2014-01-31

Les sociétés écraniques (1)




Notre image du monde a considérablement évolué depuis le paysagisme impressionniste. Et pour reprendre les critiques des situationnistes, on pourra souligner qu’avec le web, nous passons de la société du spectacle à l’étape suivante, plus extrême, la société écranique, qui ressemble même parfois à une caricature de la ville! On pourrait soutenir aisément que le monde n’est fait que d’écrans. Instruments de notre nouvelle puissance ubiquiste ou gadgets ubuesques d’un monde schopenhauerien comme jeu et comme représentation, les écrans de notre temps, dans toutes les variations de leurs colorations artificielles, de leurs fonctions interactives et de leurs déréalisations, nous aspirent dans les espaces numériques. Apparences qui nous cachent la réalité, ou rectangles cathodiques qui la modélisent, la projettent et lui donnent des significations symboliques nouvelles, les écrans déclinent toutes les métaphores de notre image du monde et nous donnent accès à un ailleurs virtuel. L’écran devient un média en soi, comme la radio ou le téléphone. On pourrait dire, à la manière de McLuhan : « l’écran, c’est le message ». J’ai proposé d’appeler « nouveau naturalisme » ce monde écranique qui nous cannibalise. On ne saurait sous-estimer la diversité de ces écrans.

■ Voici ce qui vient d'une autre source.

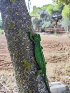 Activa todo el año generalmente, excepto enero y febrero. Especie diurna, solitaria y fuertemente territorial (sólo los machos) durante el ciclo reproductor. Ocasionalmente, sobre todo en invierno, varios animales pueden compartir un mismo árbol.

- Le tout à l’écran. La philosophie kantienne nous invitait à relativiser notre connaissance, au niveau perceptif des phénomènes et des formes a priori de la sensibilité. La philosophie phénoménologique nous a appris depuis, en suivant la pensée de Husserl et de Merleau-Ponty, à relativiser encore plus notre rapport au monde, comme l’ont fait aussi les peintres cubistes. Avec eux, notre perception est devenue imaginaire, parce qu’intentionnelle, instrumentale, psychologique, culturelle, sociologique, etc. Nous ne sommes plus dans le dispositif simple d’un observateur qui examine un objet extérieur à lui, mais dans un jeu bidirectionnel, en constante mouvance, l’objet observé étant lié à l’observateur et réciproquement. Marcel Duchamp disait que c’est le regardeur qui fait le tableau. En d’autres termes, l’objet dépend de l’observateur.